DAC7 declarations submitted for the first time in January 2024 — covering the 2023 financial year — placed at the AEAT’s disposal information of enormous value for auditing digital economy taxpayers. The 45% increase in verifications related to the digital economy certified the immediate use of these data by the Administration.

The IRPF reform was the subject of political debate during the year, though it did not materialise in significant regulatory changes.
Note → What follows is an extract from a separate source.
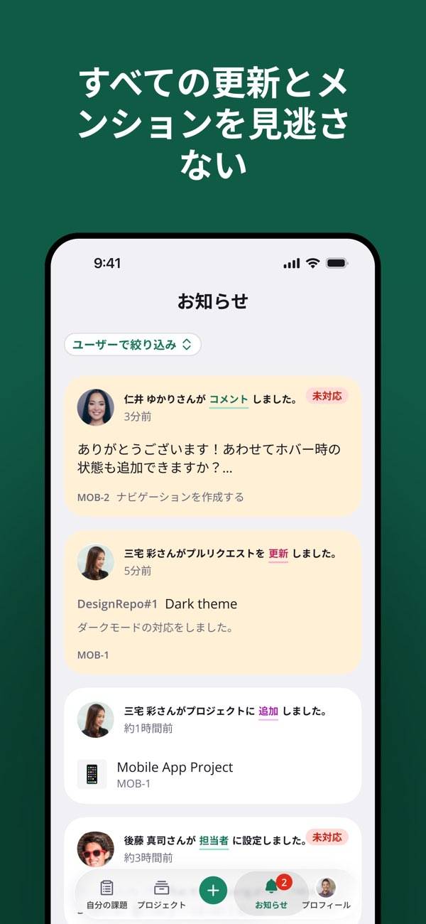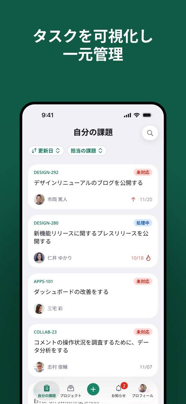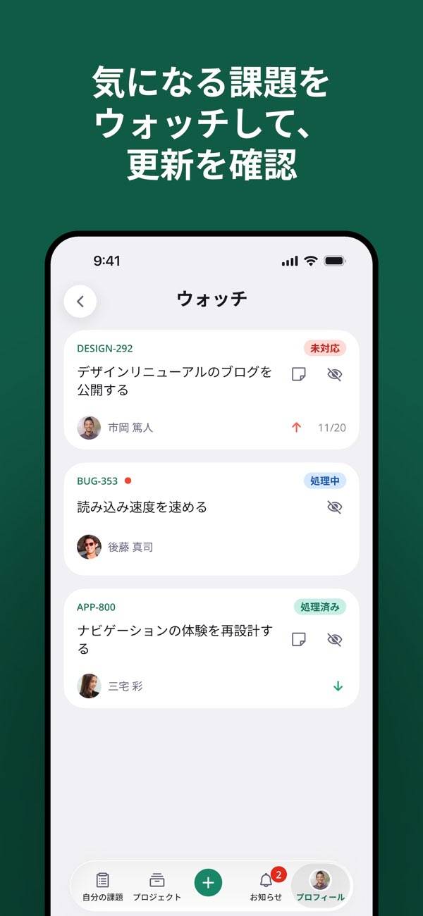プロジェクトの情報や各メンバーのタスクを一元管理できるアプリ。自分に割り振られた課題はウォッチリストで個別に管理でき、見落としを防げます。ファイルやコメント・引き継ぎ事項もまとめて管理しておけるので、情報の参照が効率的になるでしょう。
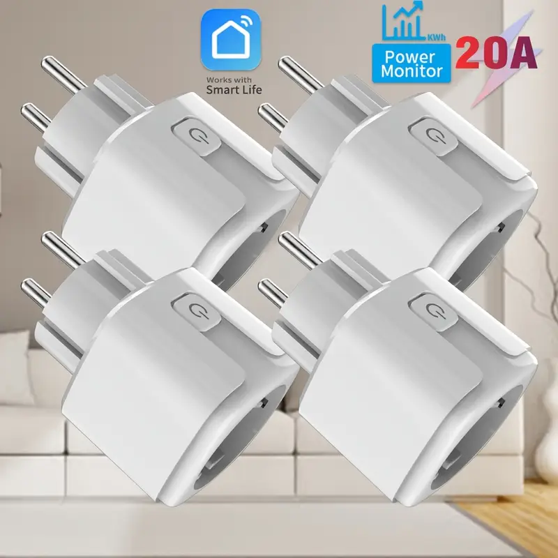 SIXWGH 20A European Plug WiFi Smart Socket with Power Monitoring, Google Home & Alexa Voice Control, Timer/Countdown, Smart Life App Integration, Durable Plastic Design, Home Automation, Sleek Design, Flexible Placement

Discussion about reducing the maximum marginal rate, treatment of capital income and incentives for long-term savings polarised the fiscal debate, generating uncertainty in long-term wealth planning.

Analysis by Tax Category

Corporate Income Tax and Pillar Two: The coexistence of the standard corporate tax with the new Pillar Two top-up tax required a thorough review of effective rate calculation models. The most analysed jurisdictions were those with favourable tax regimes (Ireland at 12.5%, Netherlands, Luxembourg, Malta) where groups held entities with real rates below the 15% threshold.

VAT and platform economy: The AEAT intensified verifications of platform economy operators, both property landlords and marketplace sellers. Correct characterisation of income (business activity or otherwise) and application of VAT on tourist rentals were the areas of greatest conflict.

Wealth taxation: The announced abolition of the Golden Visa generated a significant volume of queries about the tax impact of sale transactions completed before the programme closed, taxation of capital gains and implications of changing tax residence.

Regulatory Changes

DAC8 (Directive 2023/2226), approved in October 2023 with a transposition deadline of December 2025, extended crypto asset information obligations to crypto-asset service providers under the MiCA framework. Preparing for these new obligations was one of the priority tasks for crypto sector companies during 2024.

International tax planning required deep updating of transfer pricing models in light of Pillar Two and the new rules for income allocation.

Outlook

The tax horizon for 2025 included the full consolidation of Pillar Two, the first DAC7-specific inspections on the platform economy, preparation for DAC8 and the possibility of new tax measures in the context of budget negotiations. Tax compliance continued to require an increasing dedication of specialised resources.

Our Pillar Two and international tax team positioned itself as a reference adviser in managing the new obligations of global taxation, offering advanced technical solutions and first-rate strategic advice.